Purpose: To observe the expression of vitamin D receptor (VDR) in human corneal epithelial cells. Meanwhile, we wanted to discover the role of 1,25(OH)₂D₃ when challenged with Aspergillus fumigatus (AF).

Methods: Immunohistochemistry was taken to examine the VDR in corneal epithelium. PCR was performed to observe the mRNA change of VDR when immortalized human corneal epithelial cells (HCEC) were challenged with AF antigen. When treated with 1,25(OH)₂D₃, the TLR2, TLR4, Dectin-1 and cathelicidin antimicrobial peptide (CAMP) expression were detected by PCR and western blot. The expression of pro-inflammatory cytokines were detected at both mRNA and protein levels.

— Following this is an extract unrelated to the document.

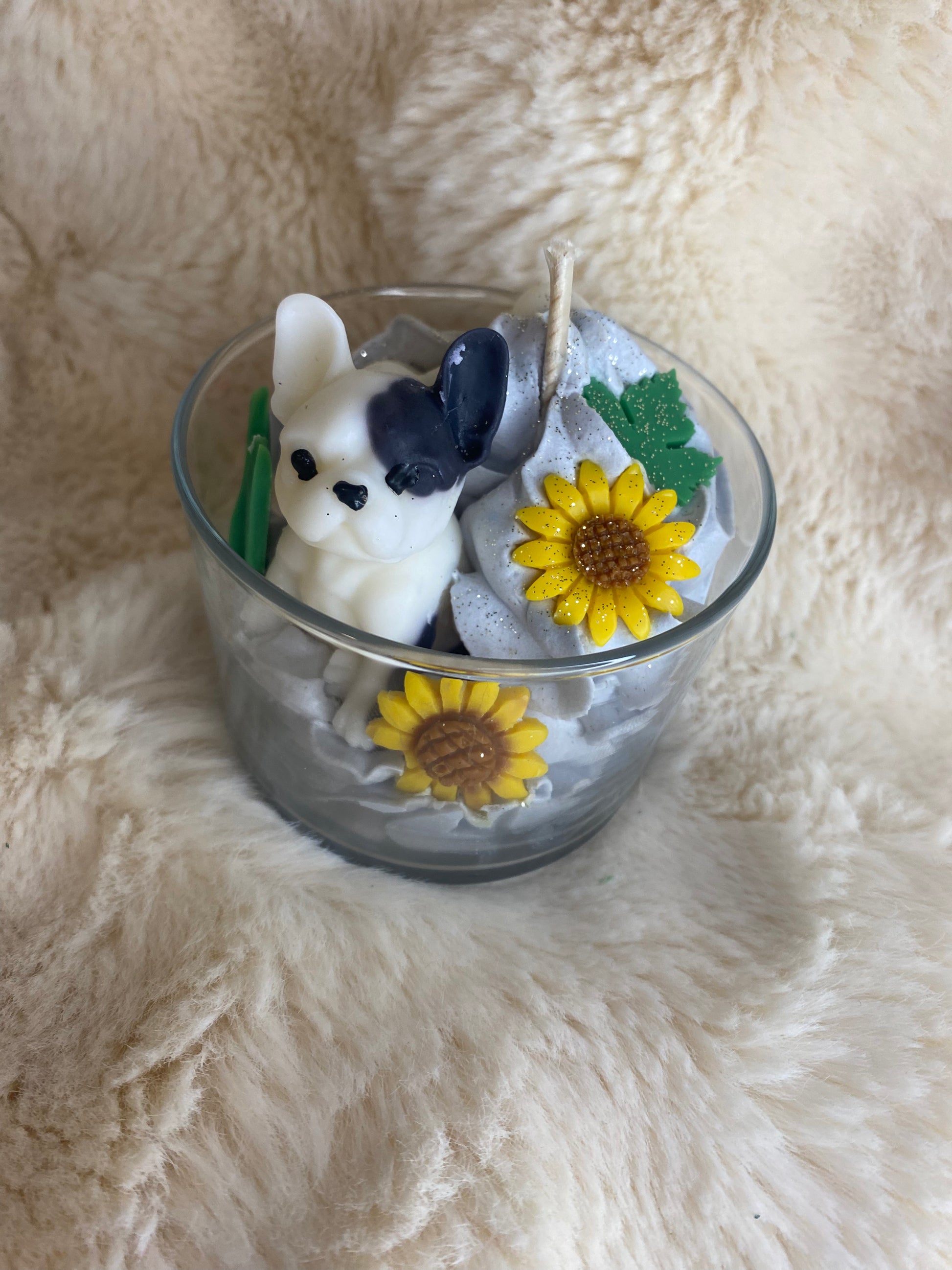 Une bougie bouledogue parfum pomme d'amour

Results: VDR was expressed in human corneal epithelium. The VDR mRNA expression increased when stimulated with AF antigen, and the TLR2 monoclonal antibody could inhibit the expression specifically (P<0.01). When pretreated HCEC with 1,25(OH)₂D₃ before AF stimulation, the TLR2, TLR4 and Dectin-1 expression were decreased apparently (P<0.01) while the expression of CAMP was risen (P<0.01). The expression of pro-inflammatory cytokines were down-regulated by 1,25(OH)₂D₃.

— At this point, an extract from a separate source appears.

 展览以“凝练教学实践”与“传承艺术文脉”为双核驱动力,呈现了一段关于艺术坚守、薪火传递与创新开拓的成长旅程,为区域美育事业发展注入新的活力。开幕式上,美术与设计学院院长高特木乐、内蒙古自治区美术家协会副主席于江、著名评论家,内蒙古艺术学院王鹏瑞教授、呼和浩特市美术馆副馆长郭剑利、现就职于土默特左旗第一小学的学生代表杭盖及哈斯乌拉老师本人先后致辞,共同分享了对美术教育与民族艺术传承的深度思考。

Conclusions: VDR exists in human corneal epithelium and the expression can be increased via TLR2/1-VDR pathway when stimulated with AF antigen. 1,25(OH)₂D₃ can inhibit the expression of TLR2, TLR4 and Dectin-1 while increasing CAMP production. The effects can reduce the damage caused by pro-inflammatory cytokines and enhance the antibacterial effects by CAMP.